-- Source data --
# # # #
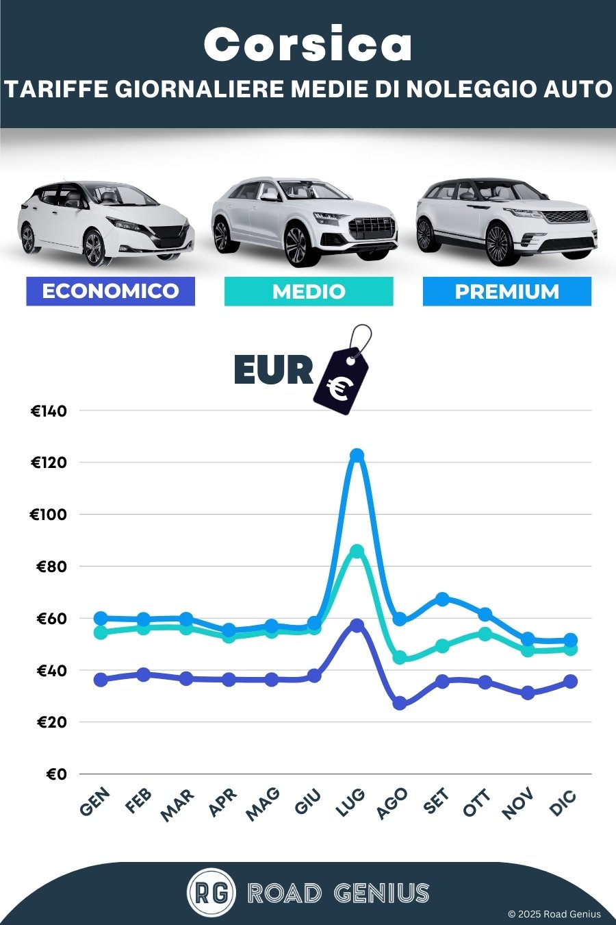 In media, il noleggio auto in Corsica costa circa €52 al giorno, con tariffe a partire da €27 al giorno.
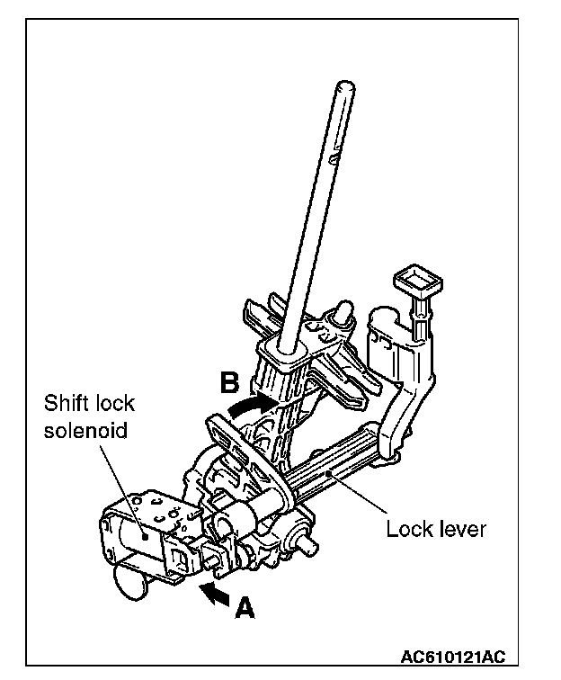 Check that the lock lever smoothly moves in the direction of arrow B in the figure when the shift lock solenoid plunger is pressed in the direction of arrow A, and smoothly moves back to the original position when the plunger is released.
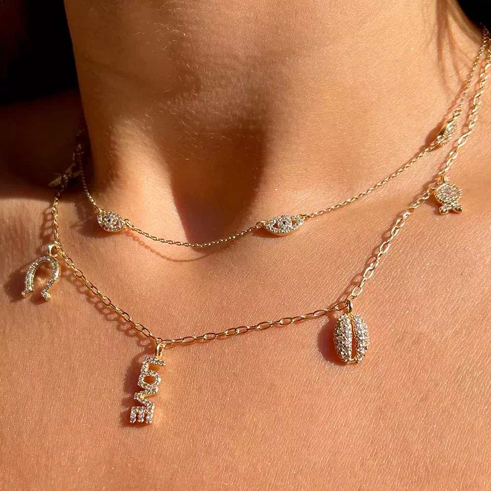 Colar Pingentes Zircônia Branca Banho de Ouro 18K Eleve seu estilo com este colar delicado e cheio de significado, elaborado com corrente de pequenos elos ovais banhada em ouro 18K. Seus pingentes encantadores — estrela do mar lisa, ferradura, búzio, palavra love e peixe — são todos cravejados com zircônias brancas que brilham com sofisticação e charme.
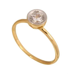 Złoty Pierścionek Zaręczynowy z Cyrkonią 585 1.4 g, R 10 Rodium
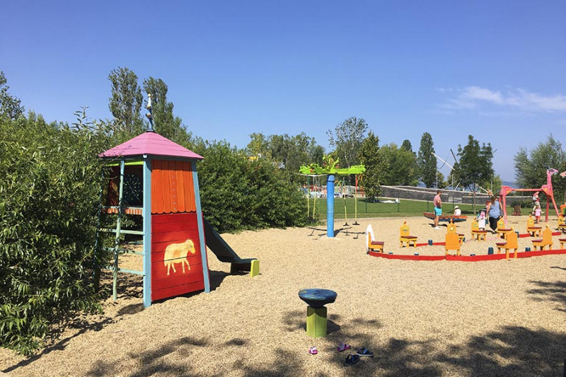 A Platán strand területén kapott helyett a „Balaton” játszótér, ami a 2-10 éves korosztály egyik legkedveltebb, különösen érdekes találkozóhelye. A homokozó a tavat formázza, melynek szélén a kis székek a környező települések nevét viselik. A létesítmény ingyenesen használható.
# # # #
-- Aim of the task --
The records above should be reproduced exactly, with no pictures included.

-- Written solution --
 In media, il noleggio auto in Corsica costa circa €52 al giorno, con tariffe a partire da €27 al giorno.
 Check that the lock lever smoothly moves in the direction of arrow B in the figure when the shift lock solenoid plunger is pressed in the direction of arrow A, and smoothly moves back to the original position when the plunger is released.
 Colar Pingentes Zircônia Branca Banho de Ouro 18K Eleve seu estilo com este colar delicado e cheio de significado, elaborado com corrente de pequenos elos ovais banhada em ouro 18K. Seus pingentes encantadores — estrela do mar lisa, ferradura, búzio, palavra love e peixe — são todos cravejados com zircônias brancas que brilham com sofisticação e charme.
 Złoty Pierścionek Zaręczynowy z Cyrkonią 585 1.4 g, R 10 Rodium
 A Platán strand területén kapott helyett a „Balaton” játszótér, ami a 2-10 éves korosztály egyik legkedveltebb, különösen érdekes találkozóhelye. A homokozó a tavat formázza, melynek szélén a kis székek a környező települések nevét viselik. A létesítmény ingyenesen használható.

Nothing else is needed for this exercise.